R does not make the user always to this though (Thank goodness!) There is a step command that makes this far faster.
library(MASS)
##
## Attaching package: 'MASS'
## The following object is masked from 'package:alr3':
##
## forbes
mod <- lm(BSAAM ~ APMAM + APSAB + APSLAKE + OPBPC + OPRC + OPSLAKE + Year, data = water)
stepAIC(mod, direction = "backward")
## Start: AIC=774.53
## BSAAM ~ APMAM + APSAB + APSLAKE + OPBPC + OPRC + OPSLAKE + Year
##
## Df Sum of Sq RSS AIC
## - OPBPC 1 1571591 1971971864 772.57
## - APMAM 1 2262194 1972662466 772.58
## - APSAB 1 7311109 1977711381 772.69
## - Year 1 85430461 2055830733 774.36
## <none> 1970400272 774.53
## - APSLAKE 1 106880993 2077281265 774.80
## - OPSLAKE 1 413707192 2384107464 780.73
## - OPRC 1 576007855 2546408128 783.56
##
## Step: AIC=772.57
## BSAAM ~ APMAM + APSAB + APSLAKE + OPRC + OPSLAKE + Year
##
## Df Sum of Sq RSS AIC
## - APMAM 1 2626064 1974597927 770.62
## - APSAB 1 6887325 1978859189 770.72
## - Year 1 85160498 2057132362 772.39
## <none> 1971971864 772.57
## - APSLAKE 1 105315871 2077287734 772.80
## - OPRC 1 574517654 2546489517 781.56
## - OPSLAKE 1 964675516 2936647380 787.69
##
## Step: AIC=770.62
## BSAAM ~ APSAB + APSLAKE + OPRC + OPSLAKE + Year
##
## Df Sum of Sq RSS AIC
## - APSAB 1 4943947 1979541875 768.73
## - Year 1 82535451 2057133378 770.39
## <none> 1974597927 770.62
## - APSLAKE 1 127432687 2102030614 771.31
## - OPRC 1 575963916 2550561844 779.63
## - OPSLAKE 1 968394770 2942992697 785.78
##
## Step: AIC=768.73
## BSAAM ~ APSLAKE + OPRC + OPSLAKE + Year
##
## Df Sum of Sq RSS AIC
## - Year 1 89405710 2068947585 768.63
## <none> 1979541875 768.73
## - APSLAKE 1 523812582 2503354457 776.83
## - OPRC 1 613807319 2593349193 778.35
## - OPSLAKE 1 1175063776 3154605651 786.77
##
## Step: AIC=768.63
## BSAAM ~ APSLAKE + OPRC + OPSLAKE
##
## Df Sum of Sq RSS AIC
## <none> 2068947585 768.63
## - OPRC 1 531694203 2600641788 776.47
## - APSLAKE 1 621012173 2689959758 777.92
## - OPSLAKE 1 1515918540 3584866125 790.27
##
## Call:
## lm(formula = BSAAM ~ APSLAKE + OPRC + OPSLAKE, data = water)
##
## Coefficients:
## (Intercept) APSLAKE OPRC OPSLAKE
## 15425 1712 1797 2390
This leads us to the exact same model as was shown above!
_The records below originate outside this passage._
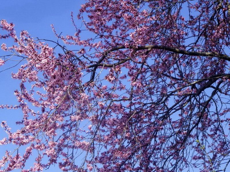Dunkele Zweige, rosarote Blüten, blauer Himmel und frische Luft, Frühling.
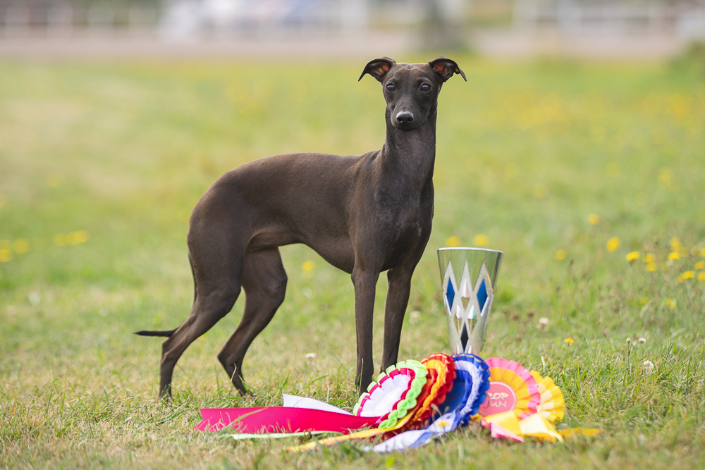 The fact that this beautiful girl is now part of our team at Oiscoitalians was firstly made possible through the collaboration and insight of kennel Greyout, Sauli & Riina and Regine Jensen. From this came a litter of eight gorgeously even puppies that were very hard to tell apart. This litter represents a blend of Canadian, American, and European lines (pedigree), and will, on top of beaty and sound construction, make a valuable contribution to the gene pool in Finland.
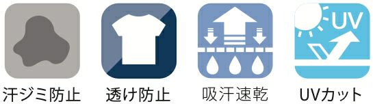 機能 汗ジミ防止、透け防止、吸汗速乾、UVカット

You can also use this model to go forwards.
mod9 <- lm(BSAAM ~ OPRC, data = water)
stepAIC(mod9, direction = "forward", scope = list(upper = BSAAM ~ APMAM + APSAB + APSLAKE + OPBPC + OPRC + OPSLAKE + Year, lower = BSAAM~1))
## Start: AIC=795.28
## BSAAM ~ OPRC
##
## Df Sum of Sq RSS AIC
## + OPSLAKE 1 1529924515 2689959758 777.92
## + OPBPC 1 888721040 3331163233 787.11
## + APSLAKE 1 635018148 3584866125 790.27
## + Year 1 609982013 3609902260 790.57
## + APMAM 1 261271943 3958612330 794.53
## + APSAB 1 205266122 4014618151 795.14
## <none> 4219884273 795.28
##
## Step: AIC=777.92
## BSAAM ~ OPRC + OPSLAKE
##
## Df Sum of Sq RSS AIC
## + APSLAKE 1 621012173 2068947585 768.63
## + APSAB 1 457345396 2232614362 771.91
## + APMAM 1 387970039 2301989719 773.22
## + Year 1 186605301 2503354457 776.83
## <none> 2689959758 777.92
## + OPBPC 1 450573 2689509185 779.91
##
## Step: AIC=768.63
## BSAAM ~ OPRC + OPSLAKE + APSLAKE
##
## Df Sum of Sq RSS AIC
## <none> 2068947585 768.63
## + Year 1 89405710 1979541875 768.73
## + APSAB 1 11814207 2057133378 770.39
## + APMAM 1 1410311 2067537274 770.60
## + OPBPC 1 583748 2068363837 770.62
##
## Call:
## lm(formula = BSAAM ~ OPRC + OPSLAKE + APSLAKE, data = water)
##
## Coefficients:
## (Intercept) OPRC OPSLAKE APSLAKE
## 15425 1797 2390 1712
Again this leads to the exact same model!
This is important because it allows us to be most efficient in our models and only chose predictors that add helpful information.